It’s no secret that water is important. Without it, all of us would die within a few days. Because of this, then, water often takes on pretty strong literary elements. Many times, in the form of rain, it can foreshadow something bad or ominous that is going to happen. At other times, it could imply a type of baptism, in which a character undergoes some type of change to his character, usually for the better. But, does this hold water (pun intended) when it comes to the spiritual or biblical meaning of water? What, exactly, can water mean when it is found within the Bible? A good way to find out, like usual, is to look at some passages and glean from what they have to say.
Genesis 7:17 “Now the flood was on the earth forty days. The waters increased and lifted up the ark, and it rose high above the earth.”

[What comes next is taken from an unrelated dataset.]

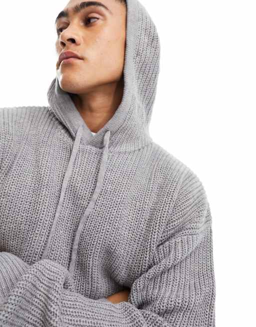 Sudadera gris claro holgada con capucha de punto ingl s de New

As the Genesis story goes, humankind’s sin was so horrendous that God became immensely grieved by it. As a way or purging the evil, He sent a flood to wipe out the wickedness from the earth, except for Noah, his family, and two of every kind of animal. Most of us know this story by heart, as it’s depicted in many children’s books and with a famous movie starring Russell Crowe. However, there is some insight into what water means in the Bible when one reads the passage. Water, here, is used as a purging or cleansing. It appears to be negative, since it is so destructive, yet it was used to literally cleanse the earth away from all that was evil and unholy. Throughout the Scriptures, water often takes on that meaning.
John 4:14 “but whoever drinks of the water that I shall give him will never thirst. But the water that I shall give him will become in him a fountain of water springing up into everlasting life.”
In addition to symbolizing some type of cleansing, water also points to satisfaction and life. This is precisely why Jesus is called the “living water,” which is noticeable in this passage. He tells the woman that when people come to Him, they will have complete satisfaction and never thirst for anything else in life. In contrast, when someone drinks physical water, they always need more to sustain their life. With Jesus, though, completeness is given. So, water can point to satisfaction and life, which is just another way of saying that is symbolizes Jesus!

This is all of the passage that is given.